Impressions vs. Clicks
When you sign up for your ads, there are two ways to go about it. You can pay per impression, or per click. This is the beauty of contextual advertising, because it offers the best of PPC, where you only pay when people visit your site, with the benefits of media buying, where you can get multiple clicks for the same price. If you pay for impression, your ad will load up for a set number of viewers. If you get a high click rate on those views, you can get more clicks than you might have through PPC. However, if the ad is ineffective, you might not get any clicks, in which case, you can opt for PPC so that you only have to pay when you get traffic. You can test your ads, and if they are getting a significant number of clicks, you can pay for impressions. If they aren’t getting a high click-through rate, you can pay per click instead.

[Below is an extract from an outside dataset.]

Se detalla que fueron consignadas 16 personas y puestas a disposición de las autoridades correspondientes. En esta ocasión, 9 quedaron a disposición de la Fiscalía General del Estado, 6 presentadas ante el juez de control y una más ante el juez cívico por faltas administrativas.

There are a number of benefits to this. One, you get targeted traffic. These are sites that have included keywords related to your niche, and so their readers and people who land on their page after a search inquiry where they are looking up those same keywords. When you consider that you are likely going to be working with Google, Bing, or Yahoo, you have the added benefit of the most advanced algorithms on the planet. They want the ads to work, so they pick the best spaces for your ads. You also get your ads on sites that have small, but intimate traffic. Often times, the visitors are friends of the publishers, which means they are sometimes more likely to click on an ad to support their friends. It is also affordable, so if you have banner ads, you can set up campaigns that are pretty cheap, though I find that Bing and Yahoo are better priced than Google and can potentially get you more clicks per dollar.

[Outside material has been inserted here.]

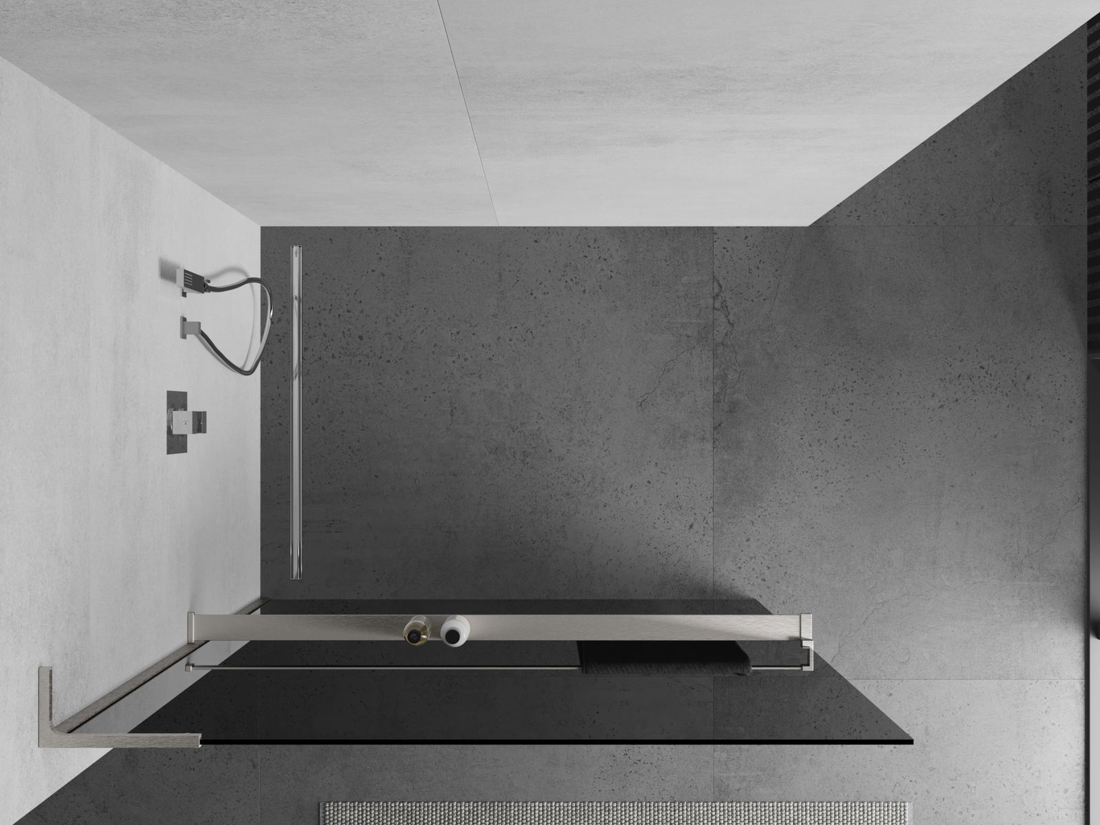 Mexen Kioto+ L pannello doccia con mensola Walk-in 110 x 200 cm, grafite, nichel spazzolato - 800-110-123-97-40

One of the cons to this is that you have to have effective banner ads. Some sites have as many as three or four ads on their site, so you are competing with them. As a result, your ad will have to stand out. You might not be a graphic designer, and you might not be good with photoshop, but you can get a good banner ad for relatively little through sites like Design Crowd. Just post your requirements and text on the site, and then let graphic designers compete for your cash with proposed banners, which would make it affordable as this can be done for as little at $50. This added cost is a necessity if you have decided to go with contextual advertising. Another issues is that though the ads are targeted, there is room for error. While the algorithms won’t be posting travel ads to New York when you visit a fan page for Brooklyn Nine Nine, if you are in a polarized field, it might be hard for the algorithm to tell whether the site your ad is being hosted by shares the same views as you do. For instance, you might have an atheist writing an article about the Bible, but a Bible study course might pop up on the website. Chances are the people visiting that site are the least likely people to click on that ad, but by and large, this kind of thing is not an issue. The other issue is that Google has very strict policies, and if they think you’ve violated one of them, they might oust you before you see any results.
For anybody just starting out, I strongly recommend PPC before getting involved with contextual buying, and likewise suggests exploring media buying to get some experience with banner ads, but if you’ve gotten your feet wet and you feel like you are ready to spread out and diversify, contextual advertising if definitely a method that can get you some serious traffic. Don’t be too disappointed if the results aren’t what you expect at first, and don’t sink in any more than you can afford to lose, because it can take a little more time refine the process than it does with PPC, but a lot of the same principles apply.